Le milliardaire Andrej Babis, a largement remporté les élections législatives, le 21 octobre 2017. / DAVID W CERNY / REUTERS

Qualifié de « Trump tchèque », le mouvement populiste ANO du milliardaire Andrej Babis, a largement remporté les élections législatives, selon les résultats officiels quasiment définitifs, après le dépouillement de 99,7% des bureaux de vote. Le scrutin, qui s’est déroulé sans incident vendredi 20 octobre et samedi, était marqué un climat de méfiance des Tchèques vis à vis de leur classe politique et des « ordres de Bruxelles ».

L’autre fait marquant de ce scrutin aura été une percée spectaculaire du parti d’extrême droite SPD, anti-immigration et anti-UE, et celle d’une formation « anti-système », le Parti Pirate. ANO (« Oui » en tchèque), qui a fait campagne sur la lutte contre la corruption, contre l’accueil des migrants et la zone euro, obtient 29,7 % des voix, ce qui devrait lui donner 78 sièges à la chambre basse qui en compte 200. L’ANO est suivi par trois partis ayant obtenu des résultats presque identiques l’ODS (droite), 11,3 %, le Parti Pirate, 10,8 %, et le SPD (extrême droite) 10,7 %.

Il reste, d’après les résultats communiqués par l’Office des statistiques du ministère de l’intérieur, que près d’un électeur sur trois a donné sa voix au milliardaire controversé qui a réitéré à la veille du vote son hostilité à l’accueil des migrants et à la zone euro, sans pour autant prôner la sortie de l’UE. Membre de l’Union européenne depuis 2004, la République tchèque a conservé sa monnaie nationale, la couronne.

Coalition délicate

Il sera ainsi obligé de former une coalition, une opération délicate dans une chambre fragmentée entre neuf partis. Deux d’entre eux, l’ODS (droite eurosceptique) et KDU-CSL (chrétien-démocrate) ont immédiatement annoncé qu’ils ne négocieraient pas avec M. Babis.

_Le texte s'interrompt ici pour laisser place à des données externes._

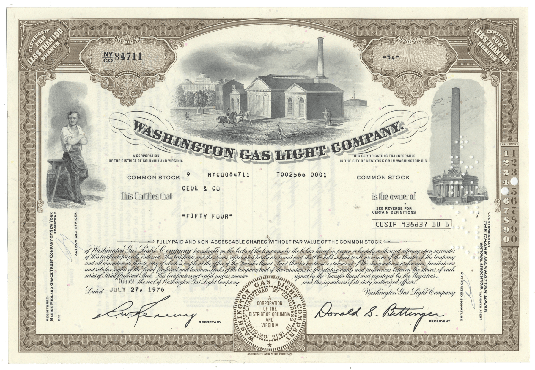 On July 8, 1848, four days after the cornerstone was laid for the Washington Monument, Washington Gas Light Company received its charter from Congress. About 45,000 people lived in the rough hewn capital city with its chronically muddy streets and lackluster infrastructure. A few buildings were lit by gas produced by an apparatus fired by wood or coal that created water carbureted hydrogen gas. But this gas lighting was confined to large institutions such as Georgetown College, theaters, and a few hotels.
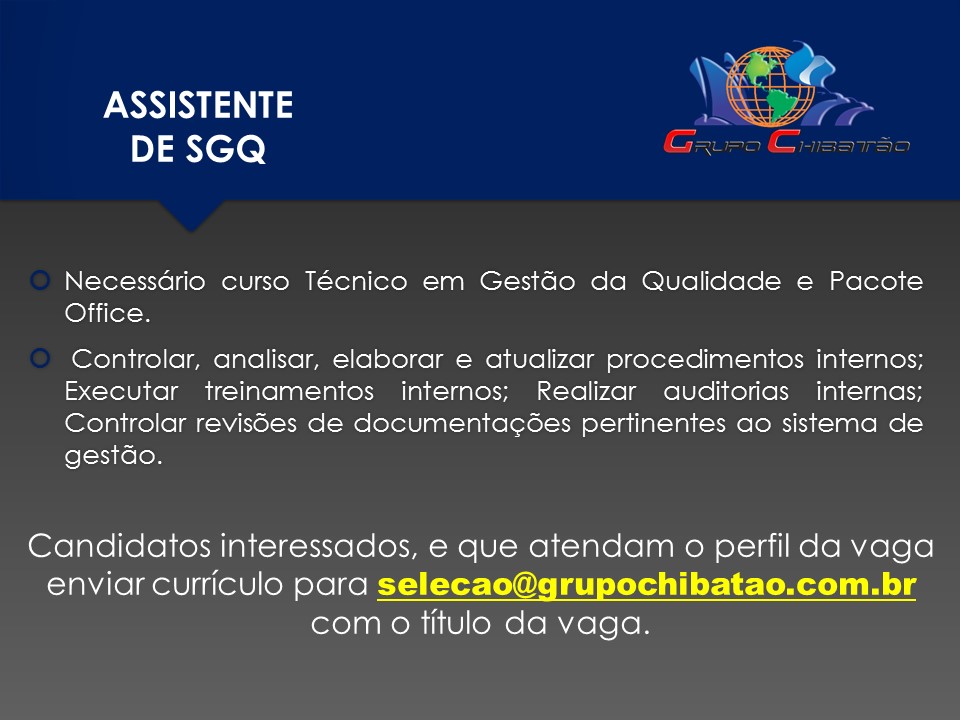 Grupo Chibatão está recrutando novos profissionais para compor seu quadro de funcionários.
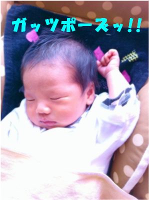 寝ながらのガッツポーズ
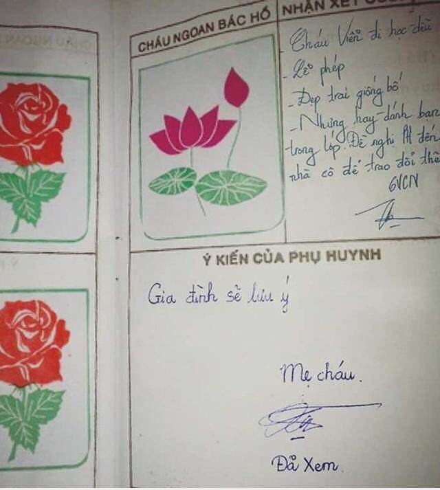 Chưa kịp trả lời câu hỏi này, họ đã phải cười ngất trước sự thông minh, hóm hình của bà mẹ. Cụ thể, bà mẹ đáp lại: “Gia đình sẽ lưu ý” rồi kí tên “Mẹ cháu - Đã xem“.
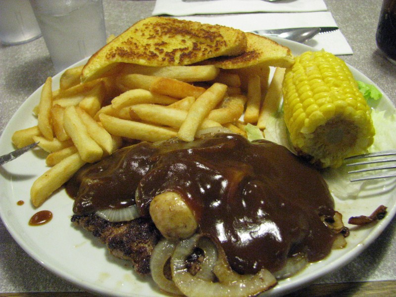 Arriviamo verso le 19 ad Alturas e troviamo alloggio in un Best Western (non che ci fossero 100 hotel, o questo o un Super 8), andiamo poi a cena in una bettola tipica vicino all’hotel, di quelle con gli sgabelli che guardano il bancone e dietro il bancone l’apertura che da sulla cucina direttamente, dove un cuoco con il berretto da baseball (potrebbe essere tranquillamente un camionista, un agricoltore o qualunque altra persona) ci prepara un piatto a base di hamburgher con 10 kg di salsa (vedi foto) patatine fritte, pannocchia, cipolle e funghi.
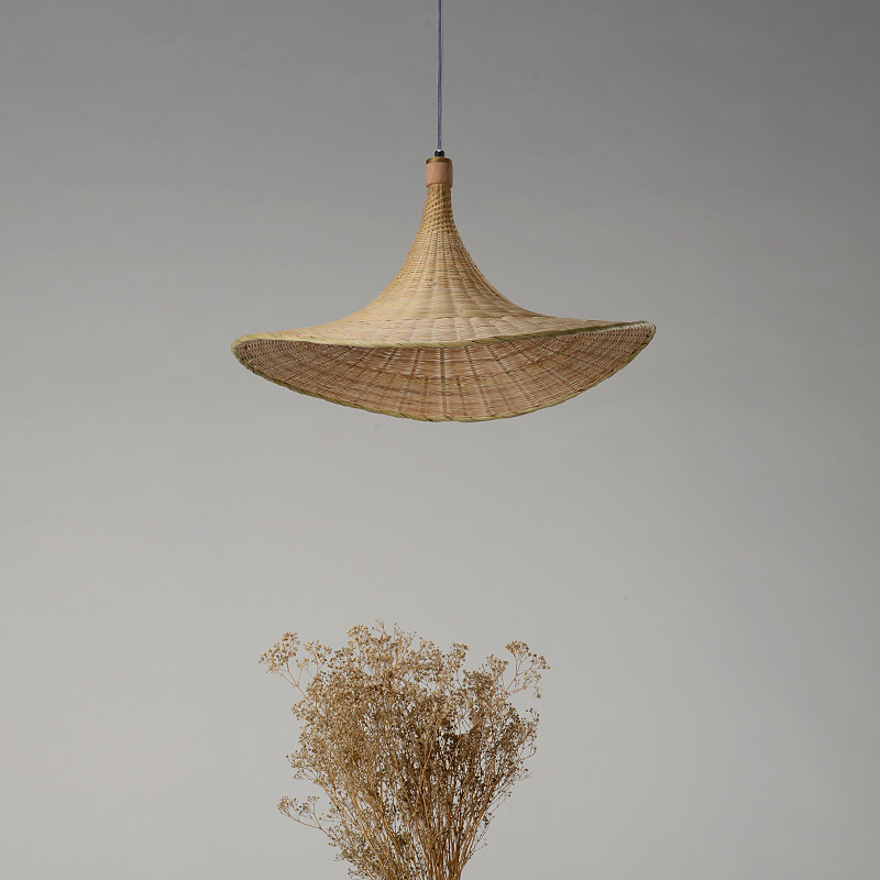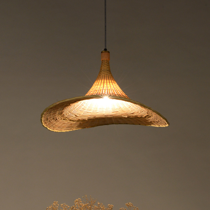 There are wooden bamboo chandelier straw hat lamp restaurant lamps Japanese simple Chinese porch balcony

Le chef du premier, Petr Fiala, a affirmé qu’il y avait chez ANO « des gens qui ont promis beaucoup de choses et qui ne seront pas capables de les réaliser », tandis que le leader chrétien démocrate Pavel Belobradek, a dit qu’il n’irait pas « dans un gouvernement, s’il s’y trouve des gens poursuivis par la justice », dans une allusion aux ennuis de M. Babis avec la justice.

Bien qu’il soit milliardaire, et qu’il soit inculpé pour fraude aux subventions européennes, M. Babis est porteurs d’espoirs pour ceux qui se considèrent comme les laissés pour compte de la prospère société tchèque.

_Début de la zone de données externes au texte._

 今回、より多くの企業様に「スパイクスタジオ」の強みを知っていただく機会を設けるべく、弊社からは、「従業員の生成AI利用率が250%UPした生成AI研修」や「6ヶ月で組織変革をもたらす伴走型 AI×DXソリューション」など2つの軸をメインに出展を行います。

En dépit de la bonne marche de l’économie, qui a affiché un taux de chômage de 3,8% en septembre et prévoit une croissance de 3,6 % cette année, il y a au sein de la société tchèque des groupes sociaux relativement défavorisés qui sont soit lourdement endettés, soit doivent travailler très dur pour joindre les deux bouts, accusant les élites politiques traditionnelles d’en être responsables. Bon nombre d’entre eux soutiennent M. Babis.

Le parti au pouvoir sanctionné

Les Tchèques ont par ailleurs durement sanctionné le Parti social-démocrate CSSD du premier ministre sortant Bohuslav Sobotka qui subit une chute brutale et n’arrive que 6e, avec 7,3 % des voix.

M. Sobotka, le représentant du parti, n’a pas caché son désarroi aux journalistes présents au QG de son parti. « Comment est-il possible qu’en République Tchèque, quand le pays se porte fort bien, quand nous sommes un pays stable et sûr, et nous avons fait de nombreux progrès dans le domaine social ces quatre dernières années, les gens sont de plus en plus attirés par des opinions extrêmes ? », s’est-il demandé.

Plus tôt dans la journée, il s’est dit inquiet aussi de l’évolution que des « extrémistes » peuvent imposer au pays dans ses relations avec l’Union européenne et l’Otan.